• **Supplied information**:
────────
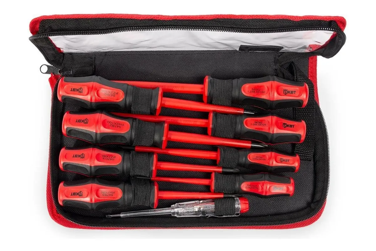 Набор диэлектрических отверток КВТ Профи НИО-09 78620 рассчитан на работу с мелким и крупным крежом с пазом типа Philips и шлицевым. Рукоятки выполнены из двухкомпонентного материала и отлично подходят для работ под напряжением до 1000 В.
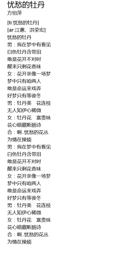 | [03:00.781] | 男:牡丹美 花连枝 |
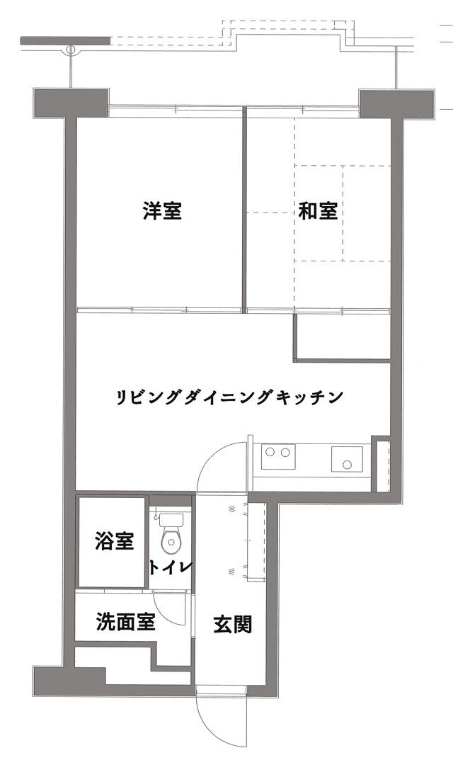 元は和室を含んだ2LDKの間取り。和室を洋室に変更するとともに収納部分を拡張、入口の移動を行いました。
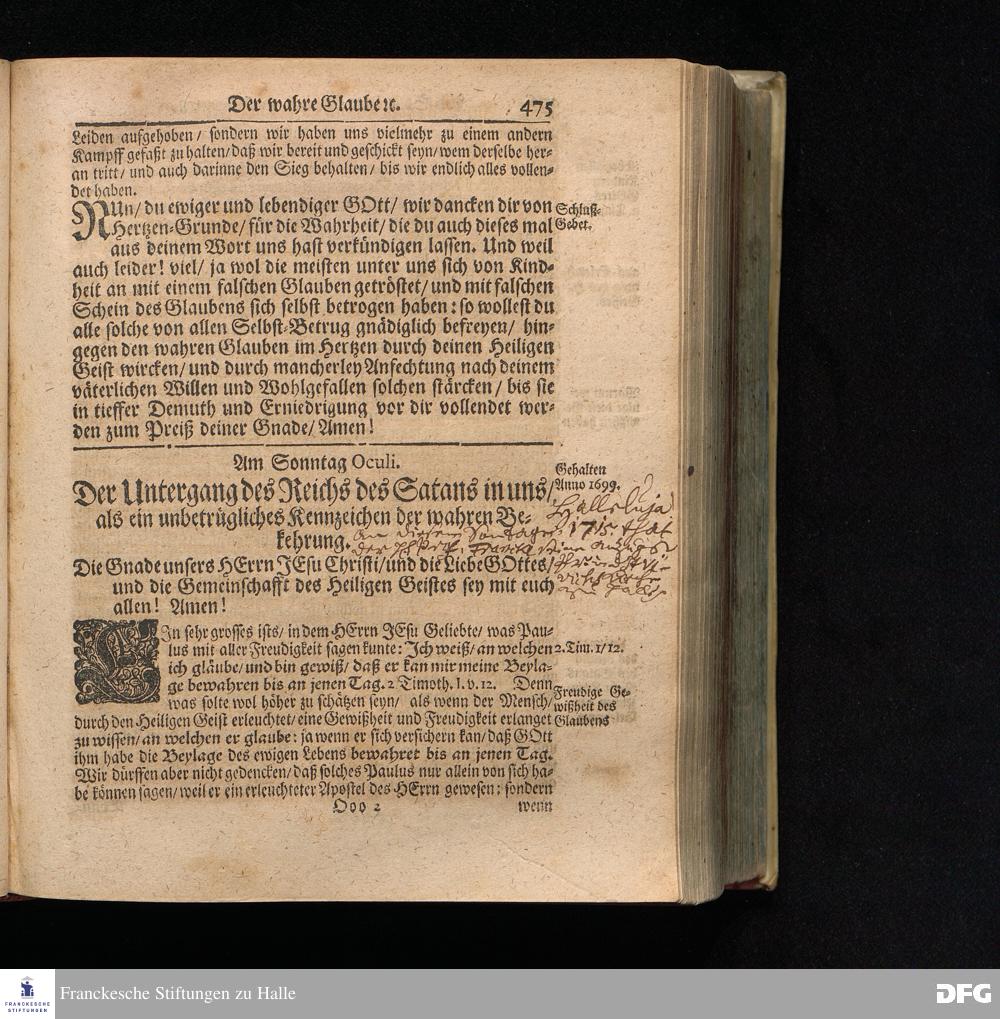 August Hermann Franckens S.Theol.Prof.und Past. Sonn= Fest= und Apostel=Tags=Predigten / Darinnen Die zum wahren Christenthum gehörige nöthigste und vornehmste Materien abgehandelt sind; Nunmehro von neuen wieder durchgesehen / und verbessert / Nebst den darzu nützlichen Registern. Die dritte Edition. HALLE / gedruckt und verlegt im Wäysenhause / MDCCIX. Mit Königl.Preuß.und Churfl.Brandenb.Privil.
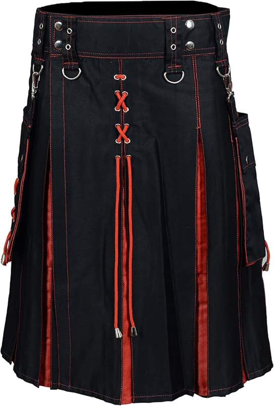 FASHION HYBRID KILT WITH RED LACES PLEATS SCOTTISH TRADITIONAL KILT HIGHLANDER SPORTS UTILITY KILT MENS SKIRT HERITAGE OUTFIT (SIZE:44) | Category: Clothing/Shoes
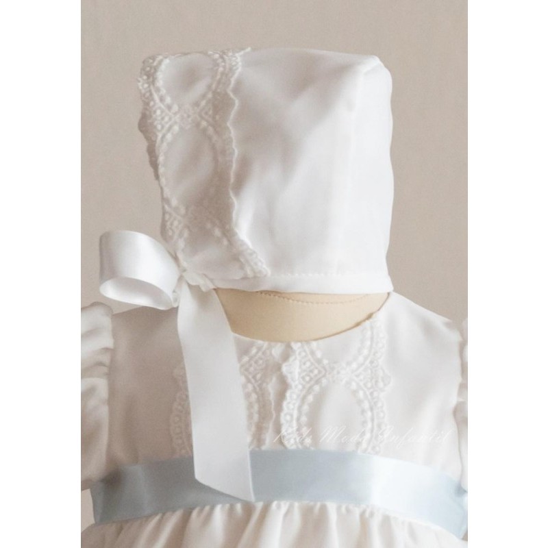 Clásico faldón para bautizo corto, confeccionado en tul de plumeti de color blanco con diferentes bordados decorativos, esta fabricado artesanalmente en España, se puede confeccionar con manga larga, manga corta rizada o manga sisa, además de poder añadir braguita y capota de manera opcional. Disponible por encargo durante todo el año.
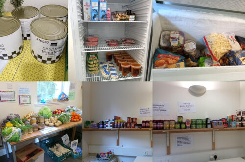 Our shelf continues to be well stocked with pasta, onion gravy, peanut butter, Doritos, guacamole, pickled onions, cans of juice and cereal.
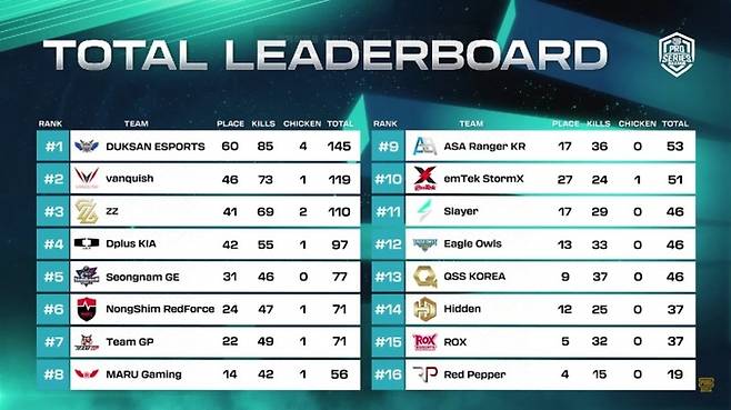 [스포츠서울 | 김지윤기자] 초반 연이은 조기 탈락으로 흔들리는 듯했으나 후반 뒷심이 힘을 더 했다. 덕산e스포츠가 총 4치킨으로 ‘펍지 모바일 프로 시리즈(이하 PMPS) 2023’ 시즌1 1주 차의 주인공이 됐다.
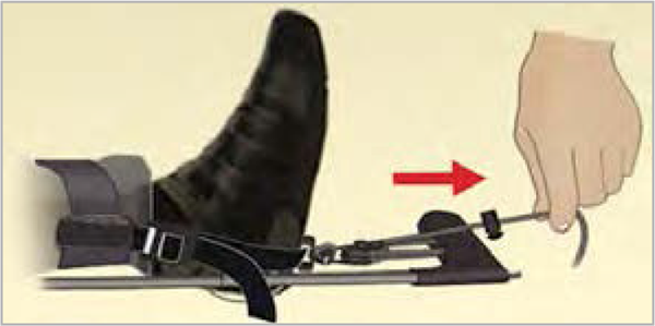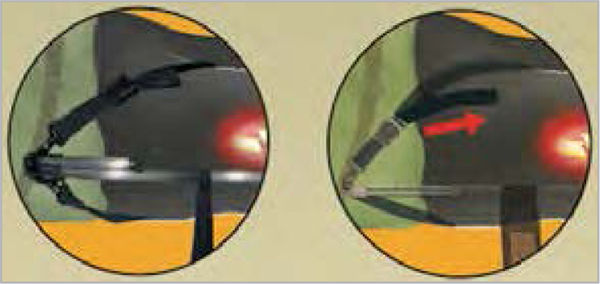 Fixer et ajuster les sangles en partie basse (2 possibilités : châssis ou poignées du brancard) ; puis les serrer pour mettre en tension le harnais.
────────
• **Task goal**:
Your answer should be the exact lines above from the one containing "Our shelf continues" through the one containing "[스포츠서울 | 김지윤기자]", with both end lines kept and the pictures removed, please.

• **Answer for this exercise**:
 Our shelf continues to be well stocked with pasta, onion gravy, peanut butter, Doritos, guacamole, pickled onions, cans of juice and cereal.
 [스포츠서울 | 김지윤기자] 초반 연이은 조기 탈락으로 흔들리는 듯했으나 후반 뒷심이 힘을 더 했다. 덕산e스포츠가 총 4치킨으로 ‘펍지 모바일 프로 시리즈(이하 PMPS) 2023’ 시즌1 1주 차의 주인공이 됐다.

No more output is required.